Due to the multidimensional complexity and redundancy between wavelengths in the visible and near infrared (Vis-NIR) region, the speed and accuracy of data analysis can be affected. This study aims to investigate the feasibility of simplifying high dimensional data based on transformation of the spectra and local correlation maximization (LCM). These two methods will be applied to determine the prediction accuracy of air-dry density of Ulmus pumila wood. In this study, the reflectance spectra (Refl.) were subjected to the reciprocal (1/Refl.) and logarithm reflectance to improve the spectra signal for prediction. LCM was developed for selecting spectral sensitive regions that were important in the prediction of density. A local correlation coefficient (r) criterion was developed such that if the r ≥ 0.75 (between wavelength and density), then partial least squares and support vector machine (SVM) were employed as the prediction method. Likewise, 2D correlation spectroscopy plots were used to further reduce the data matrix by removing redundant wavelengths. The results showed that (1) although the sensitive region of density was different, the region of r ≥ 0.80 was mainly in the Vis and NIR spectral region. Additionally, the performance of models developed from the sensitive region was better than that of data used from the less-sensitive region. (2) The SVM model was optimized by a genetic algorithm based on the log (1/Refl.) of the sensitive region. In conclusion, it was found that the spectral transformation presented better density estimation results ( = 0.909, root mean square error of calibration = 0.014) than when less sensitive wavelengths were used in the data matrix.Abstract
Wood density is a critical indicator of wood quality and variation in density can have a profound effect on end use applications (Prasetyo et al. 2018). Additionally, tissue density correlates with the morphological, physiological, and mechanical properties of wood as a result of strong intercorrelations with microfibril angle, stiffness, and strength (Wu et al. 2009, Li and Jiang 2013, Dahlen et al. 2018). The tree can begin to produce tissue of variable density as early as 3 months old, while genetics can be used to fine-tune tree density for improved product performance (Gonçalves et al. 2019). Although the traditional determination of density through gravimetric means has the best accuracy, it has been shown that visible and near infrared (Vis-NIR) spectroscopy can provide good in situ estimation of within-ring density without having to destroy the sample for conventional testing (Giroud et al. 2015).
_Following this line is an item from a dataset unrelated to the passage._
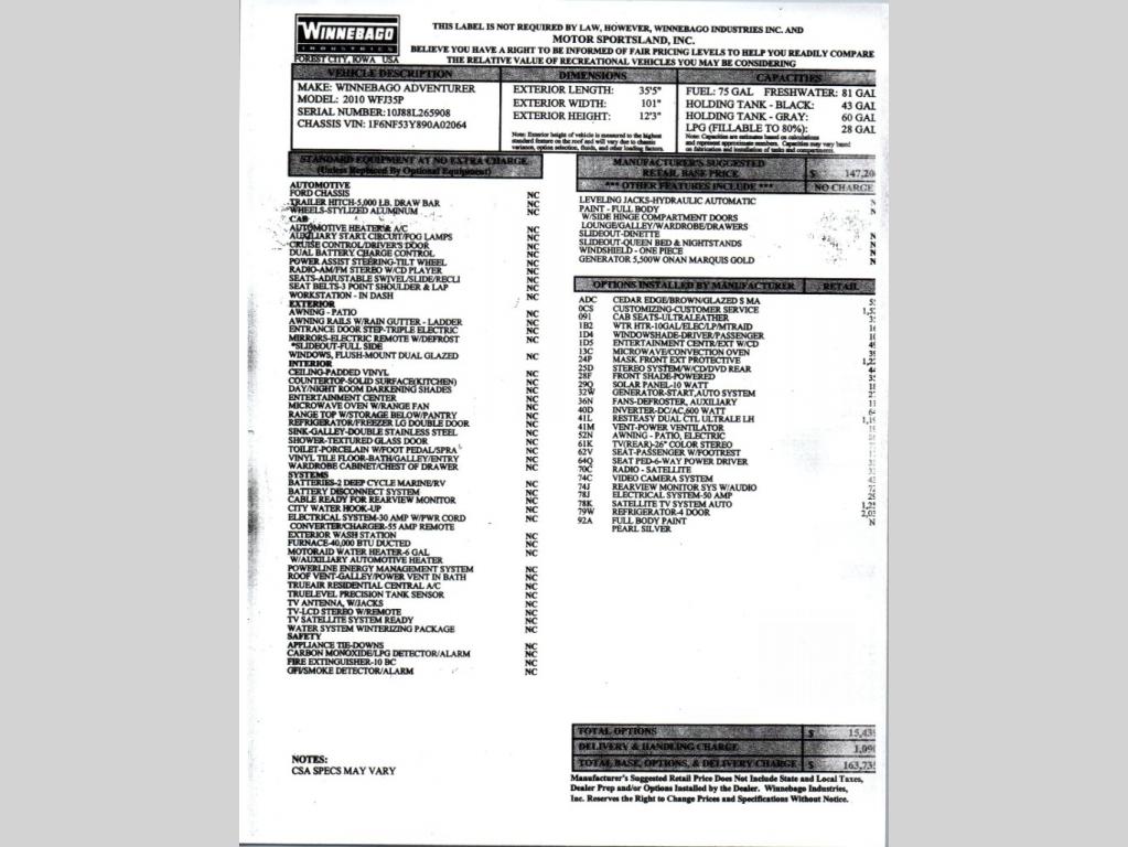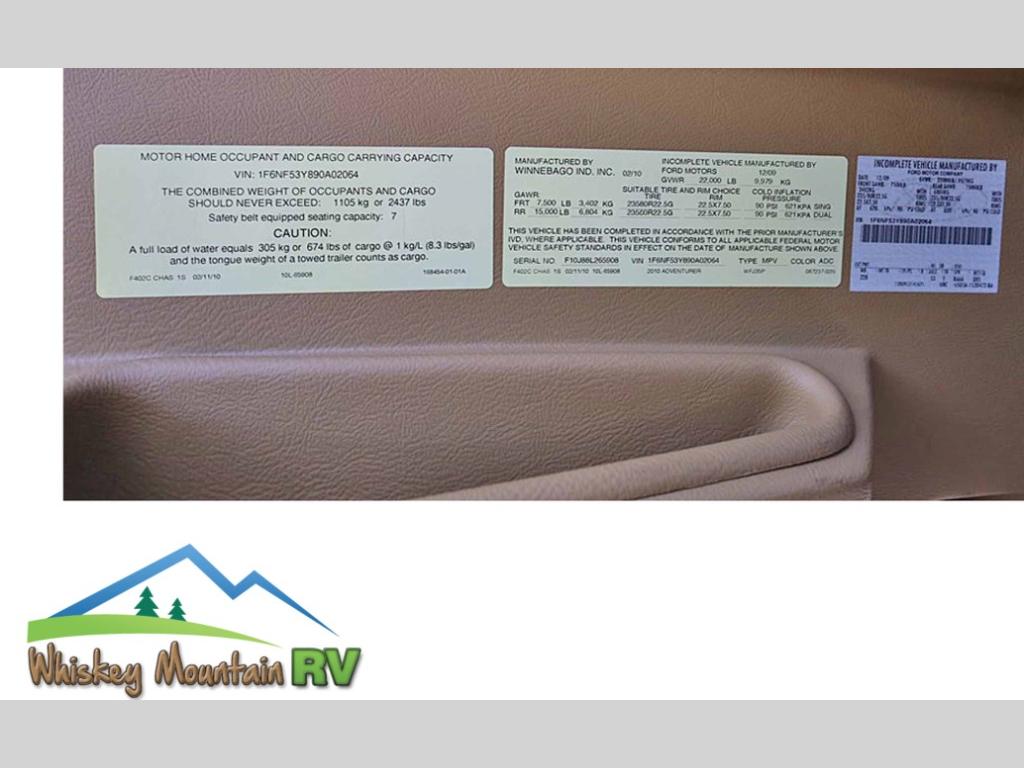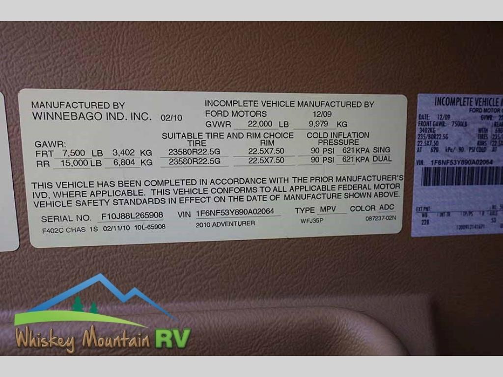 2010 WINNEBAGO ADVENTURER 35P - 3 SLIDES INCLUDING FULL WALL SLIDE. BUILT ON FORD'S F53 CHASSIS RATED AT 22,000 LBS WITH A 5,000 LB HITCH. BRAND NEW TOYO TIRES UPGRADED TO A WIDER 245/75/22.5 FOR BETTER STEERING STABILITY. THE WHEELS ARE POLISHED ALLOY WHEELS - NOT HUB CAPS.

Vis-NIR can also reduce the cost and time of traditional density-measurement methods. Vis-NIR spectroscopy—a simple, fast, and nondestructive method—has been widely applied to agriculture, petrochemical industries, food safety, and life sciences (Verbeek et al. 2014, Li et al. 2017, Siriphollakul et al. 2017, Zhuang et al. 2017). Many studies have demonstrated that Vis-NIR technology can be used for the analysis of components, species and habitat identification, and detection of wood preservation or modification in the field of forestry (Yang et al. 2012; Dou et al. 2016; Li et al. 2016, 2018a; Kurata 2017). The qualitative and quantitative relationship between spectra and wood properties can be obtained using chemometric methods. However, the speed and accuracy of spectral data analysis can be complex and slow because of the multidimensional nature and redundancy of the spectral data. Reduction in the spectra to only those wavelengths necessary for prediction could be useful in speeding up the process; however, a reduction in the data matrix content could result in lower prediction accuracy, and ways to maintain predictability with less spectral information are a key challenge when using Vis-NIR spectroscopy.
In the field of agriculture, Sun and Cheng (2010) found that leaf chlorophyll was highly correlated with their second derivation spectra at wavelengths 700, 670, 600, 500, 490, 440, and 410 nm. Guo et al. (2015) predicted paddy soil available nitrogen (AN) content using sensitive wavelengths (694, 2,058, and 2,189 nm) through 16 kinds of mathematical transformations and obtained good results (best R = 0.748). It can be found that the spectral sensitive region of a particular trait can be used for calibration and simplifying spectral data can result in good prediction accuracy in the agricultural sector. However, to our knowledge, we could not find other studies that used these transformation techniques to predict wood density, and feel this research would be useful to industry and academic entities.
In this study, Ulmus pumila wood samples were used for spectra collection and air-dry density determination. Different spectral transformations were first applied to the wood spectra to improve the sensitivity of the prediction model. Local correlation maximization (LCM) methods (Zhang et al. 2017) were developed for selecting the spectral sensitive region most correlated to air-dry density. The chosen sensitive region was used for model establishment with linear (partial least squares, PLS) and nonlinear methods (support vector machine, SVM), respectively.
Materials and Methods
Sample preparation
Ulmus pumila L. is one of the major commercial tree species in northeastern China (Xu et al. 2000). Eight Ulmus pumila trees were harvested from the location 126°30′–127°16′E, 42°06′–42°48′N, Jilin Province, China. Five-centimeter disks were cut from each tree at 1-m intervals along the stem with 69 total discs prepared for model calibration and spectra collection. The disks were air-dried in an environment controlled laboratory (temperature: 20°C ± 2°C; relative humidity: 65% ± 3%). Additionally, to reduce the roughness of sample surface, the cross-sections of all disks were polished using an electric plane.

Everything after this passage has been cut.